There’s a bit of irony in the fact that mortgage rates have been trending downward for the past ten years yet so have underwriting standards. Lower mortgage rates tend to bring customers to the lenders so why on earth would you loosen lending guidelines?

One possible explanation is the growing market share of mortgage brokers who bring in the business to the lenders. Over 70% of mortgage originations today start with a mortgage broker. This in-and-of-itself isn’t necessarily a bad thing. Upper management has placed emphasis on speed and cost but seems to have had little concerns about future risk.

Here’s the results of a recent Federal Reserve survey:

The Federal Reserve released their [The April 2006 Senior Loan Officer Opinion Survey
on Bank Lending Practices [FRB]](http://www.federalreserve.gov/boarddocs/snloansurvey/200605/default.htm) last month [[hat tip to Mish]](http://globaleconomicanalysis.blogspot.com/2006/06/musical-chairs.html) and the general pattern showed that lenders were continuing to relax their underwriting standards. In fact, most respondents to the survey reported easing of their lending standards giving more aggressive competition as a primary motivator.

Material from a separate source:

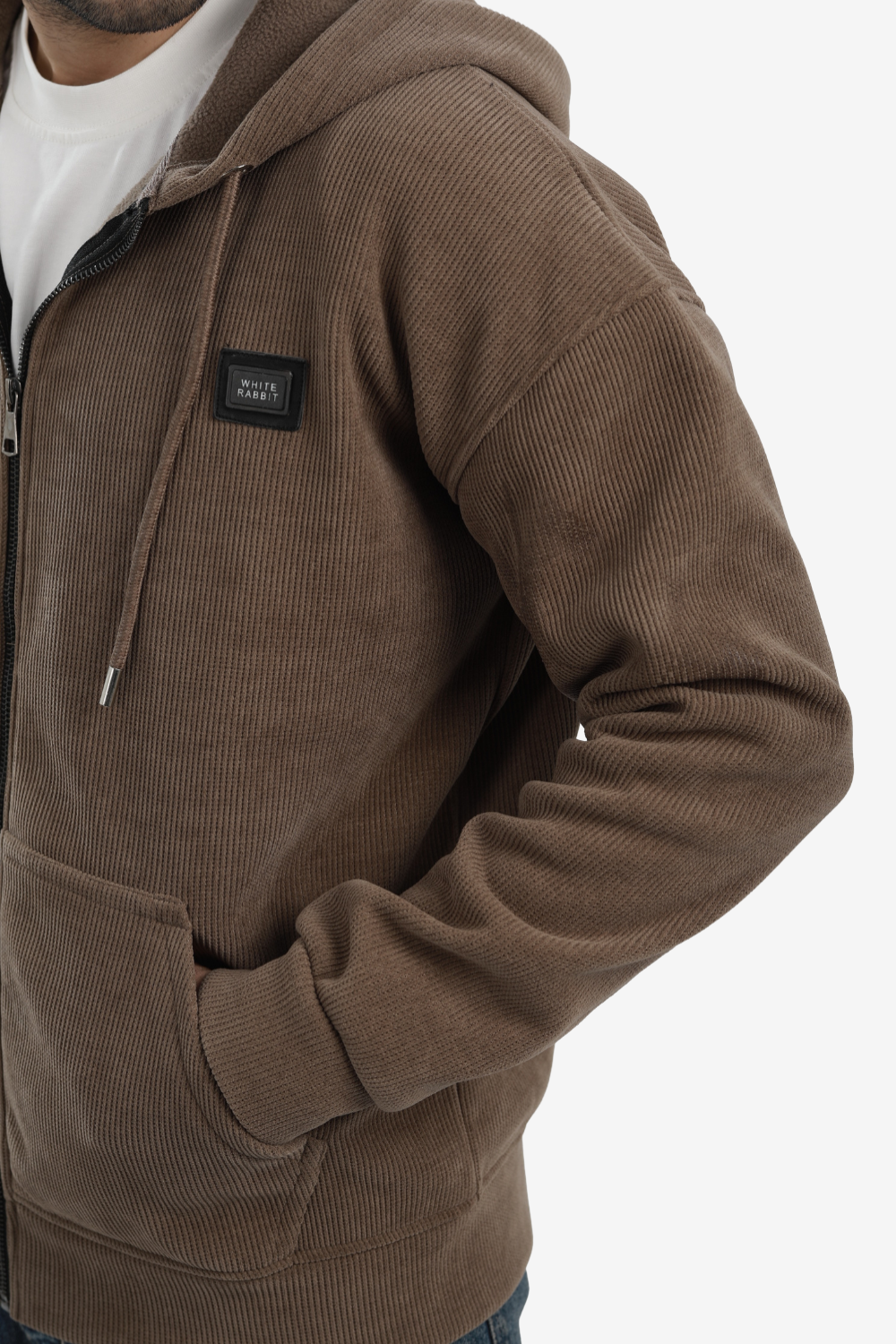 Basic Inner Fleece Zip Through Hoodie-Caffe

It will be interesting to see if the July report shows the same trend. We are already starting to see increased sensitivity to underwriting on a first hand basis in our appraisal practice. Mortgage brokers have been hiring us after lenders have been rejecting the ususal appraisal fodder they have been submitting for the past five years.

[Here’s the full report [pdf]](http://www.federalreserve.gov/boarddocs/snloansurvey/200605/fullreport.pdf)


One Comment

  1. BC July 6, 2006 at 9:32 am

    As a developer, I’ve certainly benefitted from the generous amount of money in the marketplace seeking out a real estate investment. I had not considered the increase in mortgage brokers as a source for looser underwriting standards, however.

    Certainly here in DC, mortgage brokers are still looking to fill desks and keep placing loans, but I think the FOMC is right: it is the astonishing amount of money that is now in the industry is leading to looser underwriting standards. Blackstone just closed a huge portfolio, and many, many other companies are finding similar success. Unfortunately, there just are not that many good projects out there that provide the returns these companies are seeking. That means either return the money, look much, much harder for properties, or ‘tinker’ with the revenue projections.

    About five years ago, Sam Zell spoke at the NYU REIT conference about the maturation of real estate into ‘yet another investment asset’ and the unimaginable amount of money that would bring. He felt it would continue to be hard to place the money, but that those owners who ran their properties like more traditional investments (ie no reciepts in a shoebox) would reap the benefits.